Thursday, February 12, 2009

Market Conditions

Another month, another plunging stock market. This marks the fifth month in a row that the market has experienced abnormal fluctuation. I don't know about you, but I'm getting a bit tired of it.

I have little doubt that this latest plunge is due to a continued lack of leadership and outright irresponsibility by our congressional leaders and our new President. Promising hope and change we have gotten the exact same type of irresponsibility that the last four congresses have brought us.

The AP reported yesterday that Americans should start seeing an extra $13 in their paychecks soon, that should really stimulate things.

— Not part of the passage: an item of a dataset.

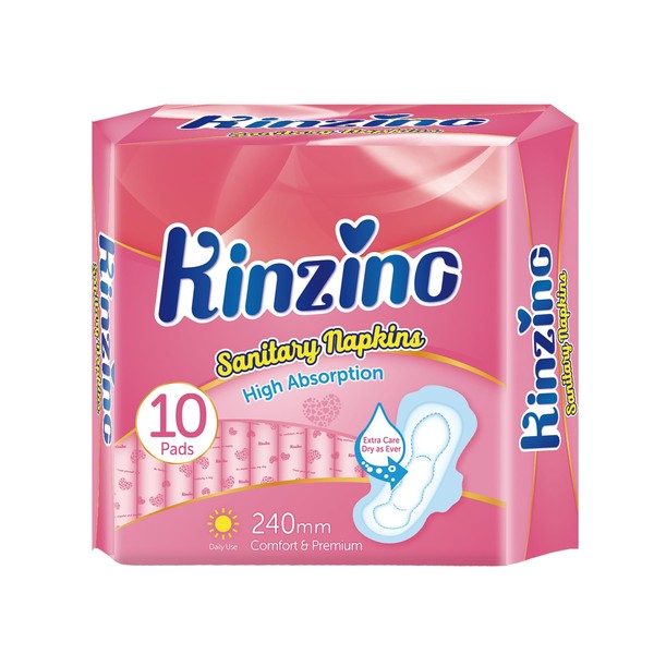 Kinzino Maxi Pads for Women Heavy Flow with Wings Pure Cotton Panty Liners 10 Count Fragrance-Free Pad

For nearly a year I have stated that we need to deal with the underlying issues, we need to treat the disease not the symptoms. Instead we are going to continue to ignore the disease as if it can't be diagnosed or isn't real. In the President's first press conference he outlined his priorities:

Priority One

"A particularly urgent priority is a further extension of unemployment insurance benefits for workers who cannot find work in the increasingly weak economy."

Priority Two

"Second, we have to address the spreading impact of the financial crisis on the other sectors of our economy -- small businesses that are struggling to meet their payrolls and finance their holiday inventories, and state and municipal governments facing devastating budget cuts and tax increases."

Priority Three

"In addition, I have made it a high priority for my transition team to work on additional policy options to help the auto industry adjust, weather the financial crisis, and succeed in producing fuel-efficient cars here in the United States of America."

Priority Four

"we will review the implementation of this administration's financial program to ensure that the government's efforts are achieving their central goal of stabilizing financial markets while protecting taxpayers, helping homeowners and not unduly rewarding the management of financial firms that are receiving government assistance."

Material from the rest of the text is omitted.